■ **ASSIGNED TASK**
Within the records that follow, find every line containing the string "Miwok". Copy those lines.

Records excerpted from a collection:
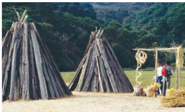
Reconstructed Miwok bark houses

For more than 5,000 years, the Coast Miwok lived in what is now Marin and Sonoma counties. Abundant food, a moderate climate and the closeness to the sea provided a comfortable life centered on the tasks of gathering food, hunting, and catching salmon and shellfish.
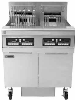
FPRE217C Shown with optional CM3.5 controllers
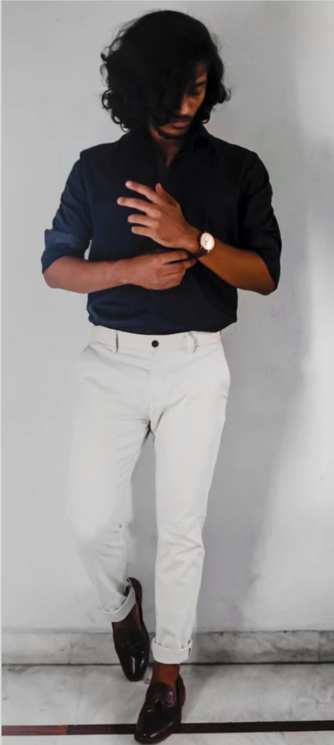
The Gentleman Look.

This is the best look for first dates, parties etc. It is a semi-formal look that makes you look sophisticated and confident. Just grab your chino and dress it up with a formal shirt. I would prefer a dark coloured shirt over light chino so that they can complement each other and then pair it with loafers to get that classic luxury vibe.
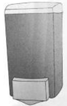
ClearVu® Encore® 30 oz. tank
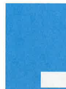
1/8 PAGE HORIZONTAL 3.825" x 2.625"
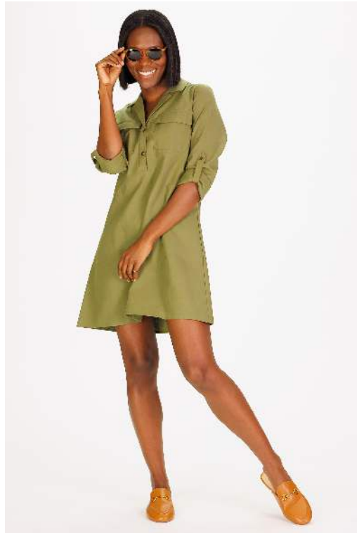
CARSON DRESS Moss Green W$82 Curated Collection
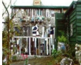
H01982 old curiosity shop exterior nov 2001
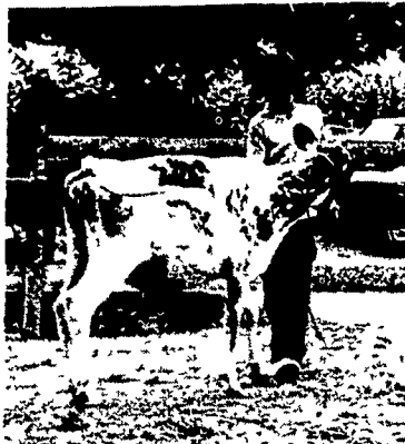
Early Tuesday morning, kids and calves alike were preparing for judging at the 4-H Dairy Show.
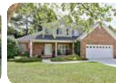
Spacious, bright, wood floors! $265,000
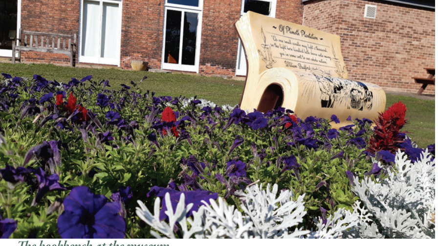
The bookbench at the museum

■ **ANSWER SECTION**
Reconstructed Miwok bark houses
For more than 5,000 years, the Coast Miwok lived in what is now Marin and Sonoma counties. Abundant food, a moderate climate and the closeness to the sea provided a comfortable life centered on the tasks of gathering food, hunting, and catching salmon and shellfish.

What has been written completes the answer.